Nulls create an unbelievable amount of nonsense and special handling in database work. They should never have been allowed. CODD was absolutely correct of course.

Now, to the folks who say that nulls persist the fact that data is "missing" or "unknown" and that is useful and meaningful in database work. Well then, go ahead and make a column that can persist the REASON for some missing data instead of allowing nulls for the data.

Because if you don't do that, then you have no understanding of WHY the data is missing, and therefore any answers to questions about the data are UNRELIABLE.

MAYBE there was a defect in application code that left the data empty (oh, you say, that could never happen?)
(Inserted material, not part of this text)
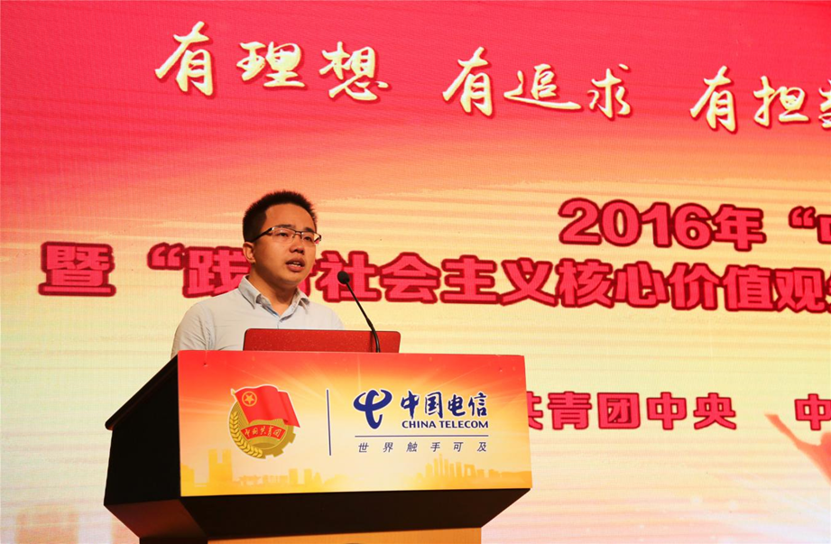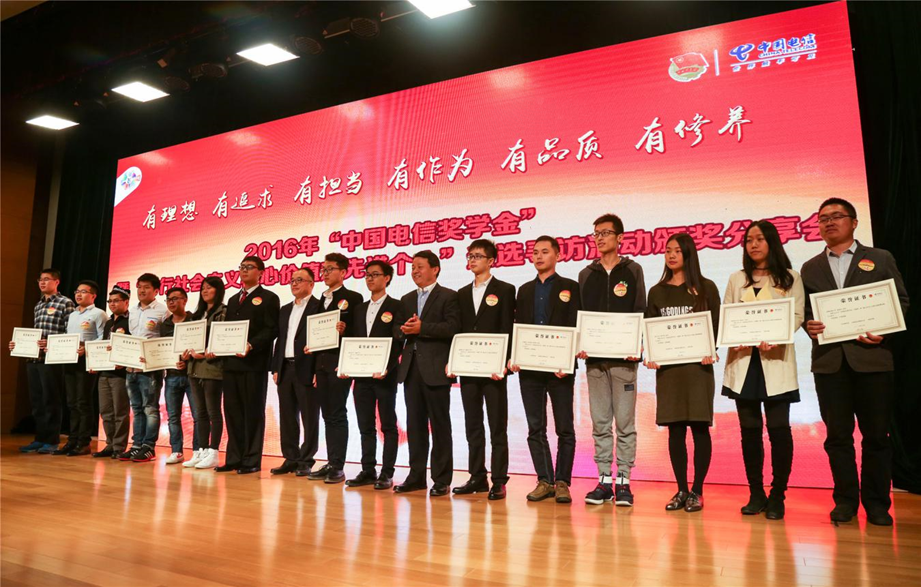 10月9日,由共青团中央、中国电信集团公司、全国学联共同主办的2016年“中国电信奖学金”暨“践行社会主义核心价值观先进个人”遴选寻访活动颁奖分享会在中国人民大学举行。团中央书记处书记傅振邦、中国电信集团公司副总经理高同庆、全国学联主席王圣博及团中央学校部、中国人民大学相关负责人出席活动并为获奖学生代表颁奖,50名获奖标兵和200余名首都各界青年大学生代表参会。

MAYBE the data is not applicable.

MAYBE the data is not available.

The point is that unless you KNOW THE REASON the data is missing, YOU CANNOT DRAW CONCLUSIONS FROM ANALYSIS OF THE DATA THAT WILL BE VERY USEFUL (and most of the time will be DEAD WRONG).

And if you don't believe me about the special handling, take a look at some sophisticated and large data warehouses that allow nulls.

If columns allow nulls, almost EVERY SINGLE reference to any column that can have nulls will be wrapped with a "conversion" function to arbitrarily convert the null to some other value, so the queries and reports will work!